__Exercise__. Repeat the data that follows exactly, starting at the line with "Ежик – этот" and ending at the line with "9T15: CHECK HARNESS", and leave out every picture.

The input START

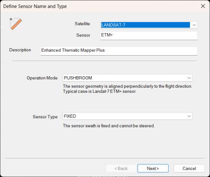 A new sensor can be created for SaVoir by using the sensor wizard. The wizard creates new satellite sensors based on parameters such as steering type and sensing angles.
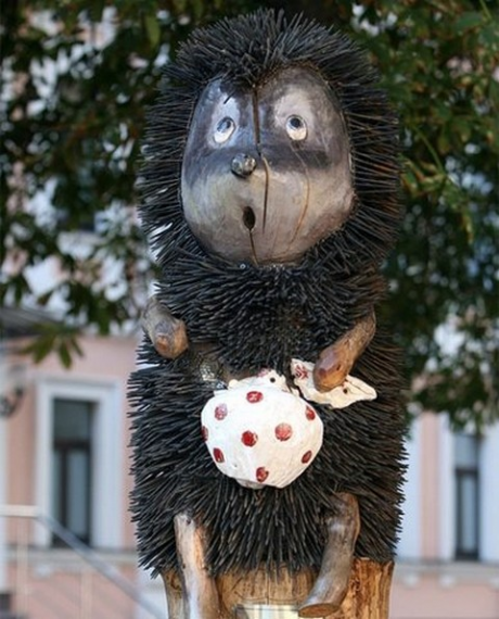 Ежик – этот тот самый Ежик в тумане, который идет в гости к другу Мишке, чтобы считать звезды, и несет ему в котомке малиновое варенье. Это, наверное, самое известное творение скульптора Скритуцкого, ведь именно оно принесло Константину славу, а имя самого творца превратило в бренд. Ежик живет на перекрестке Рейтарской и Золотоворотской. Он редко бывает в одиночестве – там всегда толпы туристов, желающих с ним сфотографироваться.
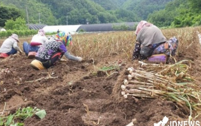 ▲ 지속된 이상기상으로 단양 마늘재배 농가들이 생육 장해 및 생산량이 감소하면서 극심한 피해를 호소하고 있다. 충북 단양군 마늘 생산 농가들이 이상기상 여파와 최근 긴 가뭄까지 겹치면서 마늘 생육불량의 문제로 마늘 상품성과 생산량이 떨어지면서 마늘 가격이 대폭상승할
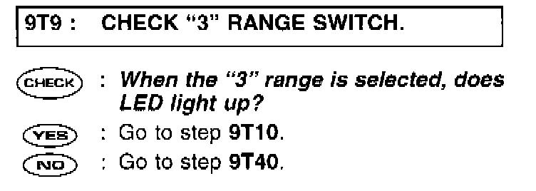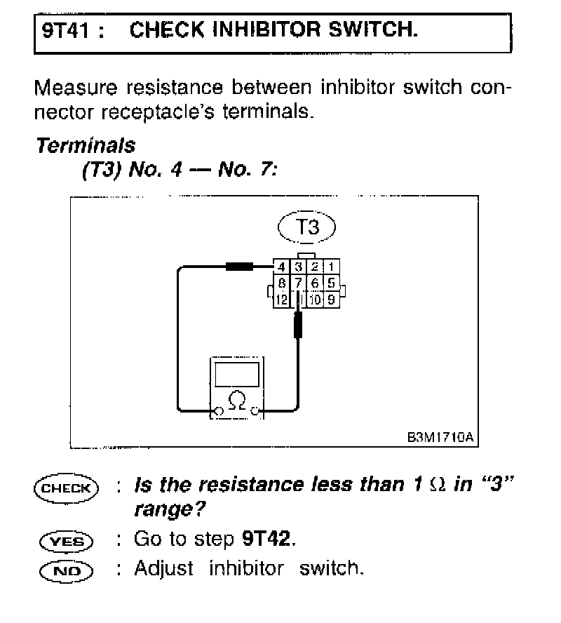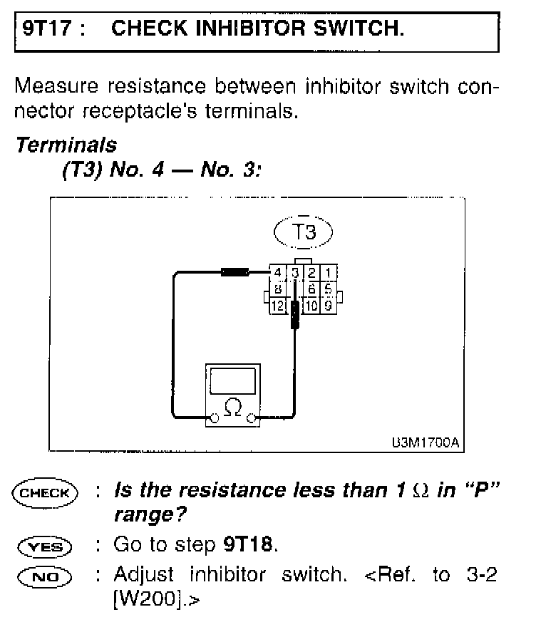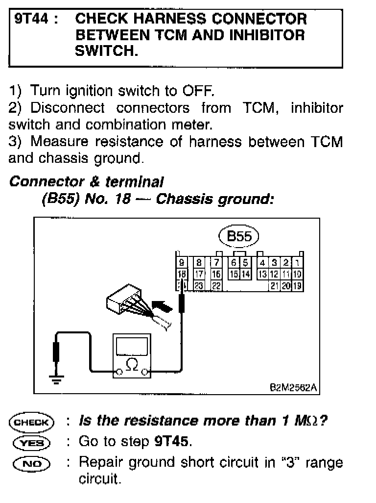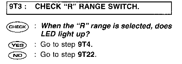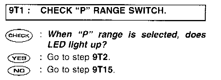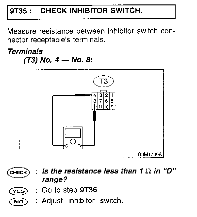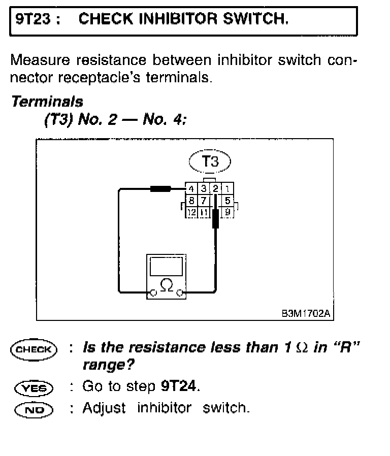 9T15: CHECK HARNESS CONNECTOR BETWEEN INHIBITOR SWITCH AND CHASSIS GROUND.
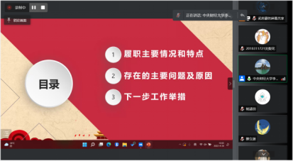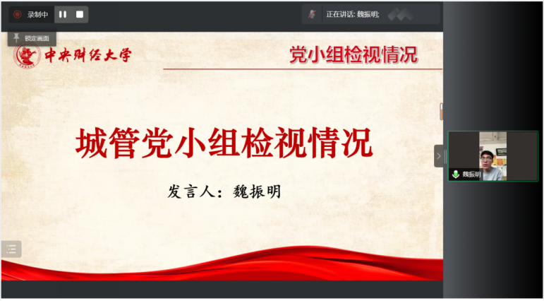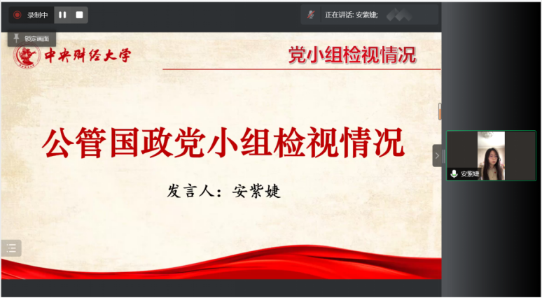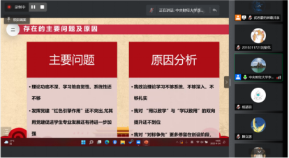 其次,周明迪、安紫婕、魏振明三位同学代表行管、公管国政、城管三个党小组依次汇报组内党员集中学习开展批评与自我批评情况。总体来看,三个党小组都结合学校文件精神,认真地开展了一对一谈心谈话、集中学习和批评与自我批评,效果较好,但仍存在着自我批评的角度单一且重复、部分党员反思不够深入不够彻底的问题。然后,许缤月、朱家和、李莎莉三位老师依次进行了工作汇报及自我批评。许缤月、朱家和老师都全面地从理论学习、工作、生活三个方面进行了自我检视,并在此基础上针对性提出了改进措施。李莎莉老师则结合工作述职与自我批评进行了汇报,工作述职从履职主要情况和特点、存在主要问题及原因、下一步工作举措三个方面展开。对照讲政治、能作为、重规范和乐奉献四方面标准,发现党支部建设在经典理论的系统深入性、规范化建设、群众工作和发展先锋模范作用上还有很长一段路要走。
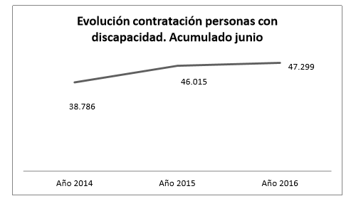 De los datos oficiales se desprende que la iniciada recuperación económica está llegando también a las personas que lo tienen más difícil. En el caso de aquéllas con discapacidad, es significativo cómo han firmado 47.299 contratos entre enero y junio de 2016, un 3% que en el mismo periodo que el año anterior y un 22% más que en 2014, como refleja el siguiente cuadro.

The input END

__Task solution__.
 Ежик – этот тот самый Ежик в тумане, который идет в гости к другу Мишке, чтобы считать звезды, и несет ему в котомке малиновое варенье. Это, наверное, самое известное творение скульптора Скритуцкого, ведь именно оно принесло Константину славу, а имя самого творца превратило в бренд. Ежик живет на перекрестке Рейтарской и Золотоворотской. Он редко бывает в одиночестве – там всегда толпы туристов, желающих с ним сфотографироваться.
 ▲ 지속된 이상기상으로 단양 마늘재배 농가들이 생육 장해 및 생산량이 감소하면서 극심한 피해를 호소하고 있다. 충북 단양군 마늘 생산 농가들이 이상기상 여파와 최근 긴 가뭄까지 겹치면서 마늘 생육불량의 문제로 마늘 상품성과 생산량이 떨어지면서 마늘 가격이 대폭상승할
 9T15: CHECK HARNESS CONNECTOR BETWEEN INHIBITOR SWITCH AND CHASSIS GROUND.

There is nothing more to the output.